ABOUT THIS EXERCISE:
Repeat exactly the lines of the material below that run from the "Повышенное содержание цинка" line to the "在得道的時候開始要進入自他不" line, including both, and do not carry over any pictures.

DATA EXCERPTS:
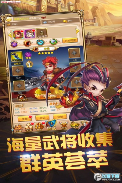 1、在游戏中有非常Q版的三国人物,极具特色的创新玩法;
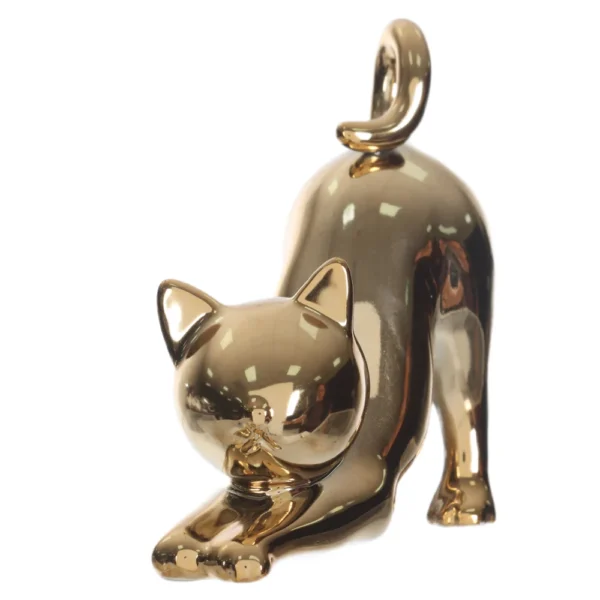 ESCULTURA DECORATIVA CERAMICA GATO DOURADO 12X11X5CM
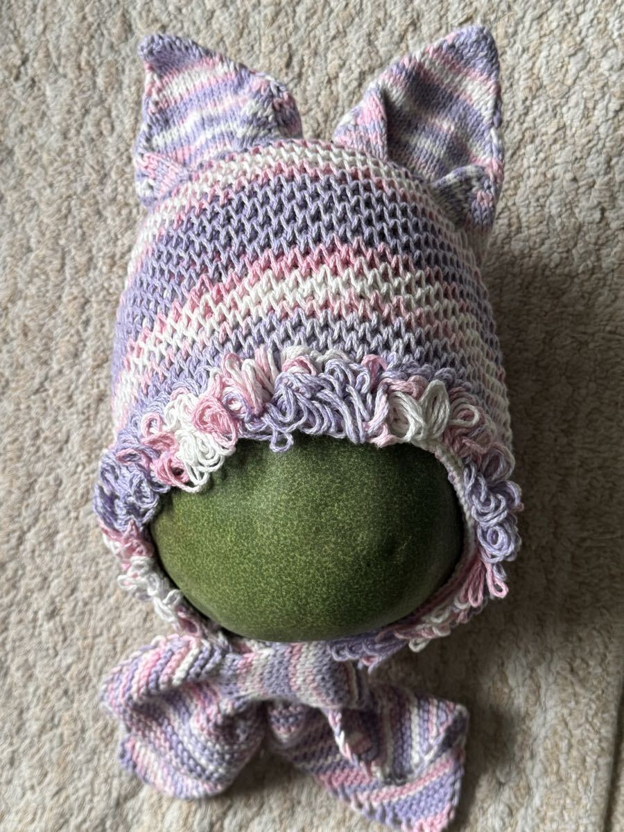 - ★手編み★安全!暖か! コットン 綿 ニット帽 幼児 耳付き 帽子 アニマル 日本犬 可愛い 48cm~53cm ラベンダー ピンク ホワイト ミックス
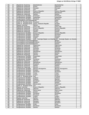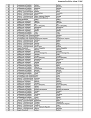 Anlagen zur Schriftlichen Anfrage 17/18067 11 W Abgelehnter Asylantrag Kasachstan Kasachstan 1 11 W Abgelehnter Asylantrag Kosovo (Republik) Kosovo (Republik) 1 11 W Abgelehnter Asylantrag Russland Polen 1 11 W Abgelehnter Asylantrag Serbien Serbien 1 11 W Dublin III - Rückübernahme Russland Polen 1 11 W Dublin III - Rückübernahme Ukraine Estland 1 12 W Abgelehnter Asylantrag Albanien Albanien 1 12 W Abgelehnter Asylantrag Mazedonien Mazedonien 1 12 W Abgelehnter Asylantrag Serbien Serbien 2 12 W Dublin III - Rückübernahme Syrien, Arabische Republik Schweden 1 13 W Abgelehnter Asylantrag Albanien Albanien 3 13 W Abgelehnter Asylantrag Kosovo (Republik) Kosovo (Republik) 2 13 W Abgelehnter Asylantrag Ukraine Ukraine 1 13 W Dublin III - Rückübernahme Iran Österreich 1 14 W Abgelehnter Asylantrag Albanien Albanien 1 14 W Abgelehnter Asylantrag Kosovo (Republik) Kosovo (Republik) 1 15 W Abgelehnter Asylantrag Albanien Albanien 1 15 W Abgelehnter Asylantrag Serbien Serbien 2 15 W Dublin III - Rückübernahme Kasachstan Lettland 1 16 W Abgelehnter Asylantrag Mazedonien Mazedonien 1 16 W Abgelehnter Asylantrag Serbien Serbien 1 17 W Abgelehnter Asylantrag Albanien Albanien 2 17 W Abgelehnter Asylantrag Georgien Georgien 1 17 W Abgelehnter Asylantrag Serbien Serbien 1 17 W Dublin III - Rückübernahme Ukraine Polen 1 18 W Abgelehnter Asylantrag Serbien Serbien 1 18 W Dublin III - Rückübernahme Russland Österreich 1 19 W Abgelehnter Asylantrag Albanien Albanien 1 19 W Abgelehnter Asylantrag Bosnien-Herzegowina Bosnien-Herzegowina 1 19 W Abgelehnter Asylantrag Mazedonien Mazedonien 1 19 W Abgelehnter Asylantrag Serbien Serbien 1 19 W Ausgewiesener Straftäter Polen Polen 1 19 W Dublin III - Rückübernahme Äthiopien Italien 1 19 W Dublin III - Rückübernahme Eritrea Italien 1 19 W Dublin III - Rückübernahme Sierra Leone Italien 1 20 W Abgelehnter Asylantrag Bosnien-Herzegowina Bosnien-Herzegowina 1 20 W Abgelehnter Asylantrag Kosovo (Republik) Kosovo (Republik) 1 20 W Ausgewiesener Straftäter Kroatien Kroatien 1 20 W Dublin III - Rückübernahme Afghanistan Slowenien 1 20 W Dublin III - Rückübernahme Äthiopien Italien 1 20 W Dublin III - Rückübernahme Nigeria Italien 1 20 W Dublin III - Rückübernahme Syrien, Arabische Republik Norwegen 1 21 W Abgelehnter Asylantrag Albanien Albanien 1 21 W Abgelehnter Asylantrag Mazedonien Mazedonien 1 21 W Abgelehnter Asylantrag Serbien Serbien 1 21 W Dublin III - Rückübernahme Aserbaidschan Tschechische Republik 1 21 W Dublin III - Rückübernahme Äthiopien Schweden 1 21 W Dublin III - Rückübernahme Irak Dänemark 1 21 W Dublin III - Rückübernahme Nigeria Italien 1 21 W Dublin III - Rückübernahme Russland Polen 1 22 W Abgelehnter Asylantrag Georgien Georgien 1 22 W Abgelehnter Asylantrag Kosovo (Republik) Kosovo (Republik) 1 22 W Abgelehnter Asylantrag Mazedonien Mazedonien 2 22 W Abgelehnter Asylantrag Serbien Serbien 1 22 W Ausreisepflicht kraft GesetzesSamoa Samoa 1 22 W Ausreisepflicht kraft GesetzesSomalia Italien 1 22 W Dublin III - Rückübernahme Aserbaidschan Frankreich 1 22 W Dublin III - Rückübernahme Nigeria Italien 1 22 W Dublin III - Rückübernahme Somalia Italien 1 23 W Abgelehnter Asylantrag Albanien Albanien 1 23 W Abgelehnter Asylantrag Kosovo (Republik) Kosovo (Republik) 1 23 W Abgelehnter Asylantrag Mazedonien Mazedonien 2 23 W Ausreisepflicht kraft GesetzesNigeria Österreich 1 23 W Dublin III - Rückübernahme Sierra Leone Italien 1 24 W Abgelehnter Asylantrag Bosnien-Herzegowina Bosnien-Herzegowina 1 24 W Abgelehnter Asylantrag Mazedonien Mazedonien 1 24 W Abgelehnter Asylantrag Serbien Serbien 1
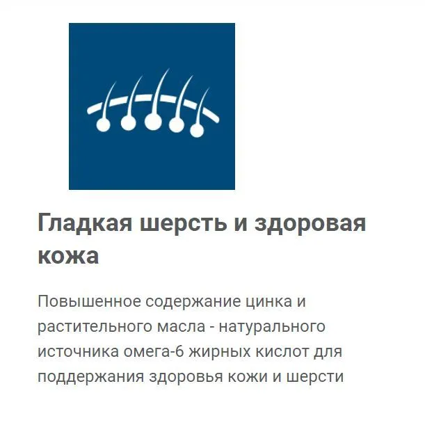 Повышенное содержание цинка и растительного масла - натурального источника омега-6 жирных кислот для поддержания здоровья кожи и шерсти - Способствует уменьшению неприятного запаха
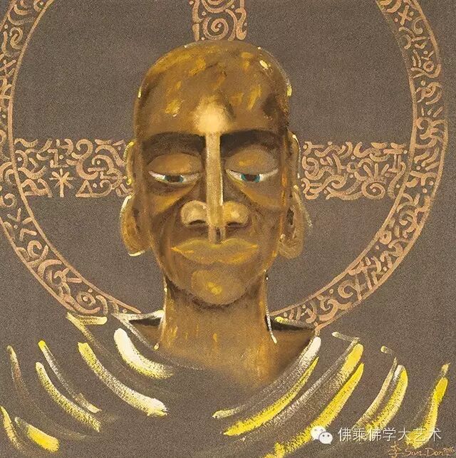 在得道的時候開始要進入自他不二,所以得道時眼睛睜開,真正到證時眼睛是睜開來,因為要面對眾生,後面十字影射十方眾生的意思,所以這幅眼睛睜得最開,眉心有毫光。聞、悟、得、證,看毫光看眼睛,就好像見山是山。來悟時眼睛是睜開的,悟的時候好像見山不是山眼睛就閉起來,得道的時候又是見山是山,最後就我是山水,山水是我。
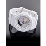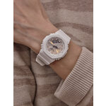 Сочетание аналогового и цифрового отображения времени обеспечивает максимальное удобство и легкость в считывании информации. Циферблат в перламутровом цвете придаёт часам изысканный вид, а белый пластиковый корпус и ремешок создают модный и свежий образ. Длина ремешка составляет 180 мм, а ширина — 22 мм, что обеспечивает надёжную и комфортную посадку на запястье.
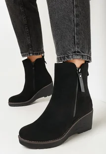 Czarne Botki na Koturnie z Imitacji Zamszu Paurik
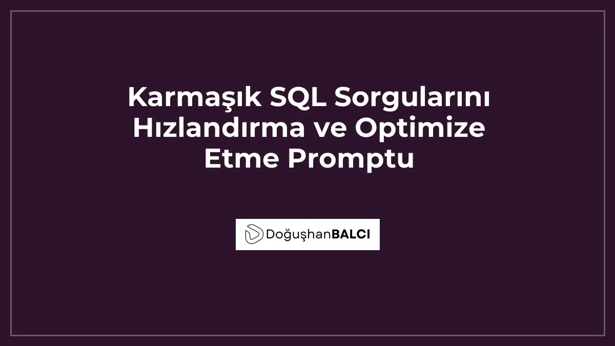 Yapay zekadan verim almak, doğru komutları vermekten geçer. Profesyonel düzeyde sql query optimize etme sonuçları almak için, veritabanı şemasını ve sorgu senaryosunu yapay zekaya detaylıca sunmalısınız. Bu sayede, yavaş çalışan sql sorgusu sorunlarınız için anlık çözümler üretebilirsiniz. Kullanacağınız veritabanı sorgu promptu yapısı, sorgunun amacını, tablolar arasındaki ilişkileri ve mevcut performans metriklerini içermelidir. Başarılı bir chatgpt sql düzeltme süreci, yapay zekanın veritabanı motorunuzun dilini (MySQL, PostgreSQL, MSSQL) anlamasıyla başlar. Aşağıdaki örnek prompt yapısını kullanarak, karmaşık sorgularınızı daha okunabilir ve hızlı bir formata dönüştürebilirsiniz. Bu prompt, profesyonel standartlarda yazılmış olup, sorgu performansını artıracak en iyi pratikleri uygulamak üzere tasarlanmıştır.

EXERCISE RESPONSE:
 Повышенное содержание цинка и растительного масла - натурального источника омега-6 жирных кислот для поддержания здоровья кожи и шерсти - Способствует уменьшению неприятного запаха
 在得道的時候開始要進入自他不二,所以得道時眼睛睜開,真正到證時眼睛是睜開來,因為要面對眾生,後面十字影射十方眾生的意思,所以這幅眼睛睜得最開,眉心有毫光。聞、悟、得、證,看毫光看眼睛,就好像見山是山。來悟時眼睛是睜開的,悟的時候好像見山不是山眼睛就閉起來,得道的時候又是見山是山,最後就我是山水,山水是我。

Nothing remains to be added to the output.